Major events are like Rorschach tests – our response to them brings to light what is within us. Yesterday’s eclipse elicited gasps of awe, wonder, and joy. For a few hours, millions of people were united in a special way, exulting in the wonders of the heavens. This event called forth good and positive things from the hearts of men and women and children.
In contrast, last week’s events in Charlottesville brought a lot of bad stuff into the light. We saw with undeniable clarity what many have wanted to ignore – that white supremacy is neither dead nor is it the province of a few isolated loners. Nazi flags were openly paraded down American streets; voices joined in chanting nazi slogans as marchers passed the synagogue in Charlottesville. Long forgotten fascist iconography reappeared on the shields and banners of some of the groups participating. Certainly not every participant in the “Unite the Right” rally was a white supremacist. But those who dismiss the wanton display of white supremacy as “fake news” or a “false flag” operation are engaged in willful self-deception.
In Charlottesville, white supremacists felt emboldened to creep out of their enclaves into the full sun and be noticed.
Jesus said “There is nothing concealed that will not be disclosed or hidden that will not be made known. What you have said in the dark will be heard in the daylight, and what you have whispered in the ear in the inner rooms will be proclaimed from the roofs.” (Luke 12:2-3)

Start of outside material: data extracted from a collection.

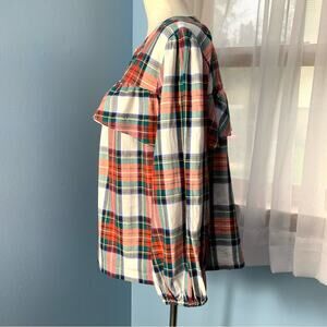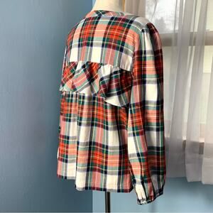J. Crew Snowy Tartan Plaid Ruffle Popover Top Size Medium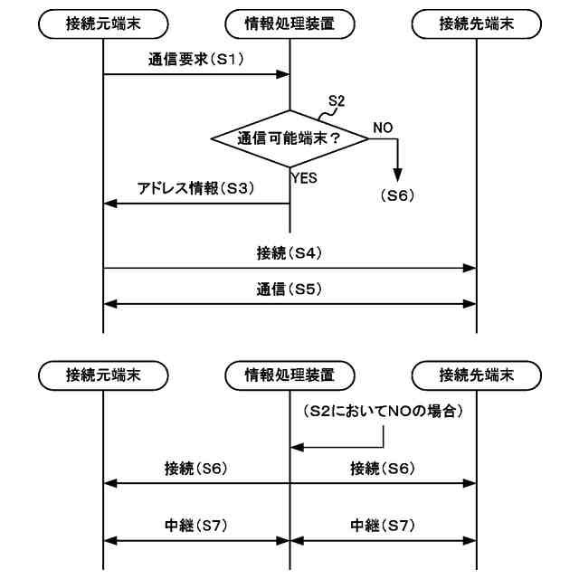 【解決手段】情報処理装置は、情報処理サービスの利用者端末を識別するための情報と、サービス可否情報とが関連付けられた情報処理サービスデータを記憶する記憶部と、接続元端末から、接続元端末識別情報と接続先端末識別情報とを含む通信要求を受け付ける受付部と、記憶部において通信要求に含まれる接続元端末識別情報に関連付けて記憶されているサービス可否情報がネットワークを介して通信することが可能な端末であることを示す場合、アドレス情報を接続元端末に送信する送信部と、記憶部において通信要求に含まれる接続元端末識別情報に関連付けて記憶されているサービス可否情報がネットワークを介して通信することが可能な端末ではないことを示す場合、アドレス情報に基づいて、接続元端末と接続先端末との間における通信を中継する中継部と、を有する。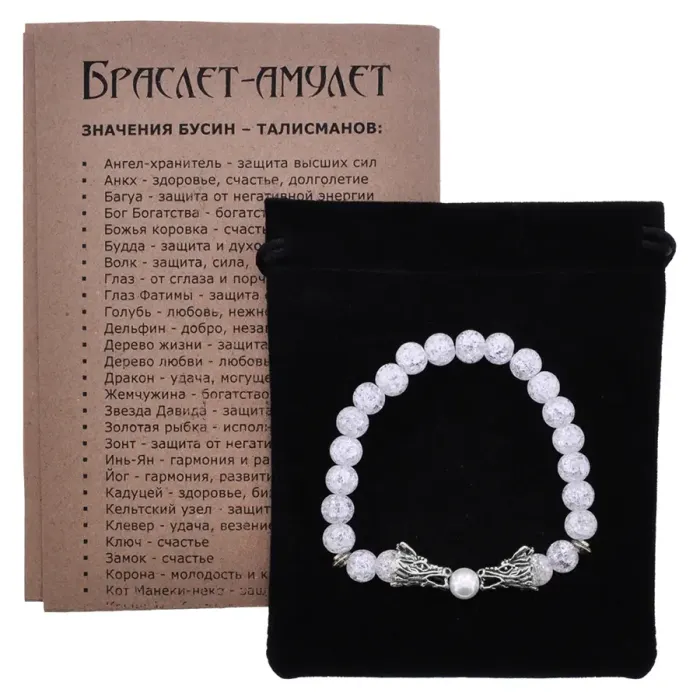 Браслет-амулет с изображением драконов и синтетическим камнем сахарный кварц.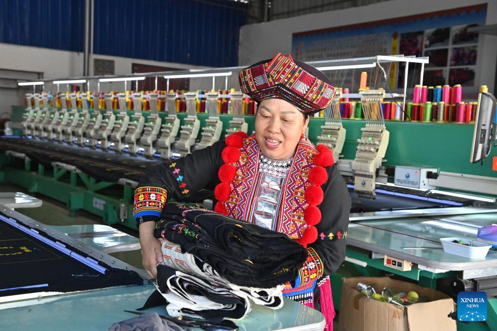 Pan Haiyan displays her embroidery work in her workshop in Tianlin County, Baise City, south China's Guangxi Zhuang Autonomous Region, Oct. 31, 2024. (Xinhua/Zhou Hua)

In the days after their march, some of the rally attendees are feeling the backlash. People are disassociating from them or are publicly calling them to account for their stance. Ideas have consequences, after all.
And here is the lesson: all our words and actions will someday be shown in the light. Even if the dim light of earthly justice doesn’t reveal our deeds, the perfect piercing light of God’s justice will make all things known.
Are you prepared for your thoughts and beliefs to be shouted from the rooftops? Would you feel vindication or shame? Do you speak boldly in private among your peers and companions, but mince words more closely in mixed company? Do you indulge in crude and dismissive language in private? Do you dehumanize those who disagree with you as “wingnuts” or “libtards” or “rethuglicans” or “feminazis”? What does this reveal about you?
Big events push us to search our hearts and be honest with ourselves. Psalm 139 invites God to deeply examine us: “Search me, God, and know my heart; test me and know my anxious thoughts. See if there is any offensive way in me, and lead me in the way everlasting.” (Psalm 139:23-24) This is a dangerous prayer.
As I search my heart, I see the fear curled up there, dragon-like. Fear that speaking my mind will alienate friends or family. Fear of those who enforce their thinking through shouting, intimidation, snark, condescension, and insults. Fear that I might be wrong. And that’s just the tip of the iceberg.
My job is to face the inner stuff that these events bring to light. To bring that inner stuff to Christ, seeking His grace and mercy. He says to cast all our fears on him, for he cares for us (I Peter 5:7). My job is to seek diligently His grace that saves me from my sin, delivers me from fear. But what’s more, my job is to listen to Christ and be shaped and sent as His ambassador. After all, the only thing that counts, says Paul, is faith expressing itself in love (Galatians 5:6).
Rather than reacting and dismissing and evaluating everyone else’s response, how about we turn off the pundits and ask ourselves “what has been revealed within me?” Where you find things that reflect love, joy, peace, patience, and kindness, then be sure to give thanks for God’s grace working in you. Where you find things that reflect selfishness, bitterness, anger, and strife, then acknowledge your need for God’s grace to heal and be better.
Bring your inner world to light now, so that you won’t be ashamed when it is brought to light later.
About the cover image: This image is a medieval alabaster carving of the Resurrection of Christ. This particular version hangs in the Cincinnati Art Museum, though I’ve seen similar carvings in other museums. I find the image striking because of the pose that Christ takes: strong and powerful. His right hand shapes a traditional blessing, but it is turned as though he’s gesturing to make a point. This is curious – Is he offering a blessing? Is he revealing hidden truth? Is he indicating that his work has begun, but there is still work to be done (the second coming). Overall this image conveys something of the feel of the unexpected encounter with the all-powerful Christ, which is why I chose it for this topic. When He reveals all, I expect that we will be like the soldiers cowering. Yet I also expect we will be like Peter by the seaside in John 21, experiencing relief and joy at the grace and mercy of Christ.